Doivent y être associées toutes les forces représentatives du pays, des partis politiques aux organisations de la société civile.
A cette fin, tous les prisonniers politiques et autres opposants politiques doivent être immédiatement libérés, a commencer par M. Maurice KAMTO et ses compagnons.
(2) Une decentralisation en trompe-l’oeil ne suffira pas. Elle engendrera de nouveaux conflits. Le Cameroun a besoin d’une profonde regionalisation qui permette de vider autant que possible la cruche ethnico-tribale, de redonner pouvoir et autonomie aux communautes, condition sine qua non pour decupler leur creativite.
(3) Les actuelles provinces administratives ne repondant guere aux besoins reels des communautes, la delimitation des nouvelles regions doit etre, elle-meme, l’objet de negociations. Paradoxalement – et pour le Cameroun dit francophone – les grandes regions mises en place au debut du Mandat francais (1922-1930) etaient davantage en adequation avec la complexite socio-culturelle du pays.
(4) L’objectif est de tourner le dos a une structure budgetivore, kleptocratique et hyper-centralisee et de faire du Cameroun une veritable “democratie des communautes”.
(5) Si la question anglophone doit etre en partie reglee dans le cadre d’une “nouvelle politique des regions” (ou ce que j’ai appelle “la democratie des communautes”), encore faudra-t-il aller plus loin et reconnaitre juridiquement la specificite historique de ces deux entites. Maints exemples, de ce point de vue, peuvent servir d’inspiration, a commencer par le cas quebecois au Canada.

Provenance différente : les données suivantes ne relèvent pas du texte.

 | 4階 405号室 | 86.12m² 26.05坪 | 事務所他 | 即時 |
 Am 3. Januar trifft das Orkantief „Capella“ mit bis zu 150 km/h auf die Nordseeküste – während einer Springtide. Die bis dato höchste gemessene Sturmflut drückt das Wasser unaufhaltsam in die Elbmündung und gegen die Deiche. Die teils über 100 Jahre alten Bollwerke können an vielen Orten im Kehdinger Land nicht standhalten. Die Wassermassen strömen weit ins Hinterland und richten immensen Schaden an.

(6) Il n’y aura guere de paix durable sans une reforme fondamentale de l’appareil d’Etat. L’un des facteurs de violence dans le pays a trait a l’extraordinaire personalisation/privatisation du pouvoir et a l’enchevetrement des fonctions bureaucratiques, policieres et militaires.
Cet enchevetrement bloque l’emergence d’institutions autonomes ou de controle, et de maniere generale, l’avancee de la democratie et l’epanouissement de la creativite sociale.
Il est, en outre, responsable des niveaux gigantesques de corruption au sein de l’appareil d’Etat et des tres nombreux abus et graves violations, y compris des libertes fondamentales.
Il s’agit de liberer la creativite sociale et de remettre le Cameroun en marche. Près de 37 ans d’atonie, d’immobilisme et d’enkystement ont cause un tort colossal a l’un des pays pourtant les plus dynamiques du continent.
De nombreuses sources d’energie sociale et culturelle ont tari, sapees par la corruption morale, l’indifference et l’abandon, la brutalite et la betise.
D’innombrables talents sont partis.
En consequence, c’est toute l’Afrique qui a recule.
Il est temps de mettre fin a ce sinistre episode de notre histoire recente.